We all rely on the trees and plants around us for oxygen. The health of our world’s forests and diverse ecosystems are directly connected to the state of our water, our cities, and the lives of people and animals around the globe.
Unfortunately, the effects of climate change and other man-made factors have turned some of the world’s tropical forests into sources of carbon dioxide. Rather than absorbing carbon dioxide and producing oxygen, some forests are now expelling carbon dioxide into the atmosphere.
Damaged forests seem to be the most at risk for emitting carbon dioxide rather than absorbing it. Satellite images targeting areas of tropical Asia, Africa, and the Americas have shown that some tropical forests are dispelling more carbon than they are taking in. Deforestation is leading to much of the carbon release, as trees are logged, cut down for houses, or burned to make room for commerce or additional housing for communities in the area.
Although deforestation contributes to much of the carbon dioxide expulsion, there are other factors that are causing the forests to give off carbon dioxide. This includes a decrease in the diversity of the trees and plants that are growing in the forests.
Tropical forests and the trees growing in them store carbon in their roots, leaves, and stems.
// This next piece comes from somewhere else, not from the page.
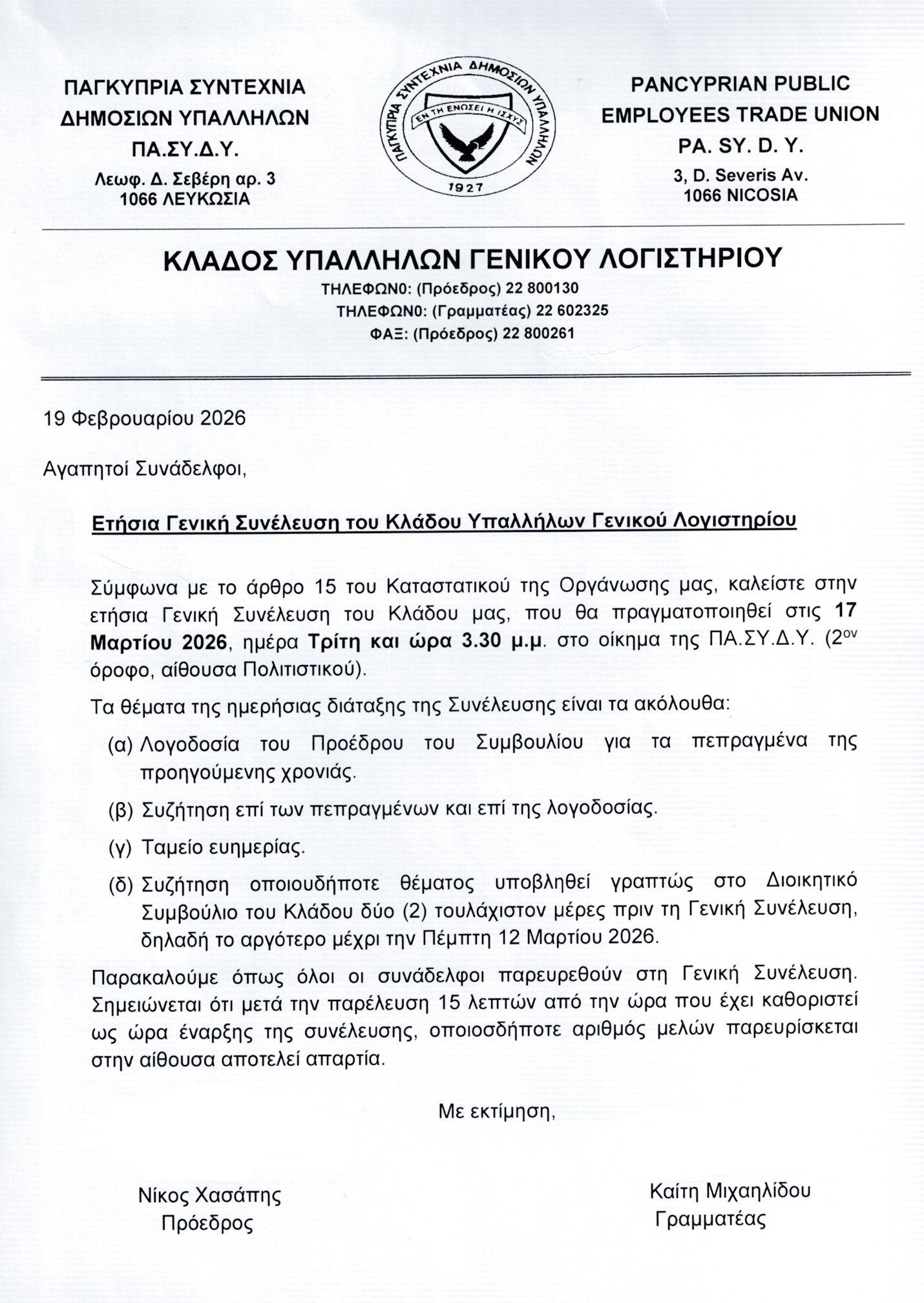 2/26/2026 Ετήσια Γενική Συνέλευση Κλάδου Υπαλλήλων Γενικού Λογιστηρίου Τελευταία Νέα 3/13/2026 Διάλεξη με θέμα Τρίτη Ηλικία: Διατροφή και Άσκηση για καλύτερη ποιοτική ζωή 2/13/2026 Καταχώριση αίτησης στο Ανώτατο Δικαστήριο για ακύρωση της απόφασης του Αρχηγού Αστυνομίας αναφορικά με το ωράριο 2/10/2026 Ομαδικό Σχέδιο Ασφάλισης Ζωής ΠΑ.ΣΥ.Δ.Υ. 2/3/2026 Ετήσιες Τακτικές Γενικές Συνελεύσεις Κλάδων και Επαρχιακών Τμημάτων 1/30/2026 Η ΠΑΣΥΔΥ χαιρετίζει την αποκατάσταση από τη Βουλή του δικαιώματος σε ιατροφαρμακευτική περίθαλψη για τους δημοσίους υπαλλήλους Τα νέα του Κλάδου Συνταξιούχων ΠΑ.ΣΥ.Δ.Υ. Μεταρρύθμιση της Δ.Υ. Νέο Σχέδιο Συνταξιοδοτικών Ωφελημάτων-Εγχειρίδιο Εξοχικά Διαμερίσματα ΠΑ.ΣΥ.Δ.Υ.-Κρατήσεις

Selective logging of certain kinds of trees or clearcutting of a forested area results in that stored carbon being released back into the atmosphere. Wildfires and diseases that impact tropical trees can also release carbon from these areas.
Subtle degradation of tropical forests can be difficult to detect, which is where satellite images come into play. Satellites are able to detect mass deforestation, but can also be finely tuned to analyse changes in tropical forest environments. Although satellites can’t detect the weight of carbon being released from a forest, it can detect he density of the trees in a tropical forest.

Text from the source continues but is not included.